Jia Zhangke and PYIFF: Making indie films popular
By Li Bin and Wang Jia
["china"]
The inaugural Pingyao Crouching Tiger Hidden Dragon International Film Festival (PYIFF) – named after Ang Lee’s Oscar-winning Kung Fu movie “Crouching Tiger, Hidden Dragon” – kicked off on Saturday in the historic city Pingyao, in China’s Shanxi Province.
China’s prominent auteur film director Jia Zhangke, also a Shanxi native, teamed up with former Venice and Rome festival head Marco Mueller to launch the first international film festival into the area. 
With an aim of starting off a dialog between non-western and western films and to provide a venue for movies that are easily overlooked by Chinese audience, the festival sets up a competition, named Crouching Tiger, that will put a focus on new directors. A sidebar on genre cinema, paying attention to films from all over the world, will be named Hidden Dragon.
Jia Zhangke (3rd from L) and Marco Mueller (2rd from R) at the festival /Photo via Twitter

Jia Zhangke (3rd from L) and Marco Mueller (2rd from R) at the festival /Photo via Twitter

A dream behind the festival

At present, China has five major authoritative Chinese-language film awards, namely, the Taipei Golden Horse Film Festival along with Hong Kong Film Awards, Beijing International Film Festival, Shanghai International Film Festival, and the Golden Rooster and Hundred Flowers Awards, also one of the most prestigious film awards and among the most respected in Chinese-speaking world. 
As these films festivals are held either by the Chinese government or the film associations, which made the film reviewers are selected from some professionals. There’s no surprise that cinema film forms a fixed taste. Jia wants to bring more fresh voices into film industry.
Photo via Twitter

Photo via Twitter

As Jia Zhangke once mentioned in an interview, “In fact, most of films we are currently watching mainly consist of US and Europe mainstream films. There are a lot of creative, dynamic films out there that have no chance of public views, which is a huge cultural loss.”
The PYIFF differs from most of China’s film festivals by putting a focus on non-western movies. When most film festivals aim to squeeze into big cities to steal the spotlight, Jia hopes Pingyao could become a starting point so that cultural resources could flow down to small cities, to the grassroot level.
With many film festivals in house, China has nothing that can be compared with the “Big Three” – Venice Film Festival, Cannes Film Festival and Berlin International Film Festival.
Jia has his ambition, turning Pingyao into an international cultural symbol, to find a foothold in the international film industry.
This is undoubtedly a good sign, as the indie films that cannot be seen in cinemas now have an additional channel to show their faces.
The festival’s curators have focused on arthouse-style movies, selecting some 40-plus titles from all over the world.
Chinese director Feng Xiaogang’s "Youth", known as "Fang Hua" in Chinese, will be screening as the opening film of the Festival.
Other titles in the PYIFF line-up include Cannes Palme d’Or winner "The Square", Richard Linklater’s "Last Flag Flying" and Takeshi Kitano’s "Outrage Coda", marking the Japanese director’s first film to be screened officially in China. 

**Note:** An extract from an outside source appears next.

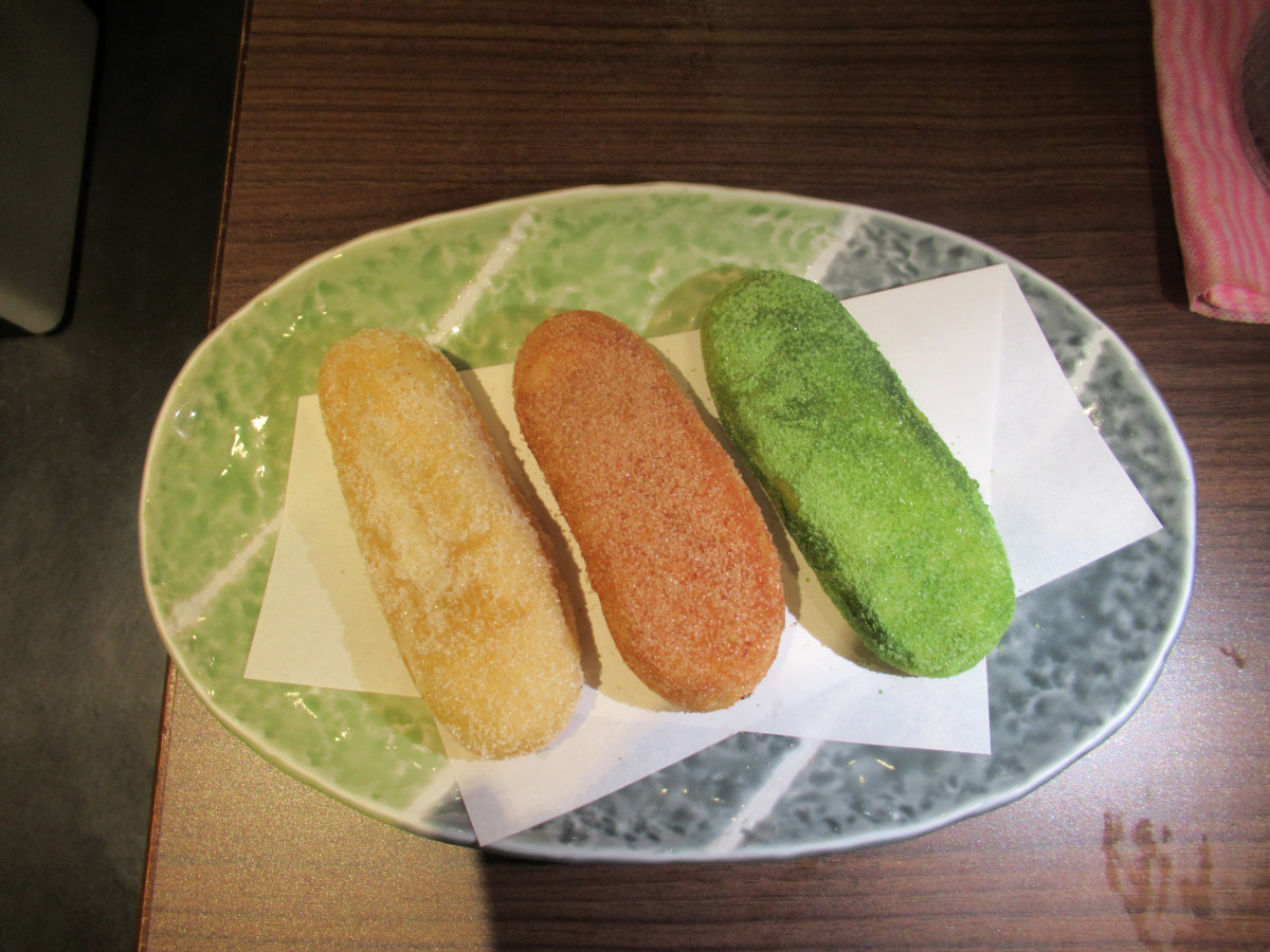 ふわっふわっ もちもち‼の食感がたまりません。 小ぶりで食べやすいサイズ(写真は左からメロン(期間限定)・シナモン・抹茶味)他に9種類もあります。

'Narrator walking parallel with the era'

"I always like to say I'm a director with 'agricultural background,' a phrase I prefer to use…I myself have a faith that is I'm not willing to cut my connection with the land," Jia Zhangke once said.
Calling himself a "narrator walking parallel with the era," Jia's works can be categorized into feature films focusing on people living in the fast-developing China and documentaries recording the past.
The 47-year-old is seen as a leading figure of China's "Sixth Generation" of film directors. He likes to set his cameras on rural settings and common folk that are so typical that you can instantly relate to them.
His films examine the impact of China's economic rush and globalization on the individuals at the grassroots level – migrant workers, small-time criminals or wayward youths, which makes him stand out from his peers.
Whether his films are set in small towns surrounded by vast open spaces or within the enclosed working environments of factories or theme parks, Jia's compositions have a claustrophobic, even alienating quality.
The director has never relied on A-list stars to promote his films. Instead, many of the leading actors in his films are unknown actors or even non-professionals so as to reach authenticity.
A glance of Jia Zhangke's works /CGTN Photo 

A glance of Jia Zhangke's works /CGTN Photo 

Jia's film career began early but it was not until 1995 that his talents was unearthed with “Xiaoshan Going Home”, a 57-minute short film which won the 1997 Honk Kong Independent Short Film and Video Award.
Three years later, “Xiao Wu”, Jia's first feature film came out and won the Wolfgang Staudte Award at the 48th Berlin International Film Festival.
Since then, Jia has become a regular figure at some the world's most prestigious film festivals including Cannes, Berlin and Venice, where arthouse films are heavily promoted. He won a Golden Lion Award for “Still Life” at the 63th Venice Film Festival, becoming the second Chinese director to win the award after Zhang Yimou.
He continued to win two best screenplay awards for “A Touch of Sin” in Berlin and “Mountains May Depart” in Taiwan.
First known as a realist, Jia has never ceased to challenge and reinvent himself. "The World" and "Still Life" exhibited surrealistic tendencies, while "24 City" developed into fact/fiction hybridity. "A Touch of Sin" showed Jia tackling with the true crime genre and "Mountains May Depart" saw him engaged in a full-blown emotional epic.
Jia Zhangke (2rd from R) and Marco Mueller (3rd from R) at the PYIFF /Global Times Photo

Jia Zhangke (2rd from R) and Marco Mueller (3rd from R) at the PYIFF /Global Times Photo

Since 2015, Jia has taken a two-year leave from Beijing as an escape and gone back to his hometown Fenyang where he conducted a regular life. "I usually wake up at eight or nine in the morning and take care of the company's business via Internet conferences. Two in the afternoon till sunset is for reading and writing while the night is for friends gathering. Day after another," Jia said in an interview with Tan Fei, a movie investor and executive producer.
It was during these two years the establishment of PYIFF was finally settled down.
Jia is currently working on two projects: "Ash in the Purest White" and "In Qing Dynasty" (official name to be unveiled). 
Filming has begun for "Ash in the Purest White" which will feature Liao Fan and Zhao Tao. The film will be a crime-thriller which spans decades.
"Ash in the Purest White" is expected to be out in the latter half of 2018.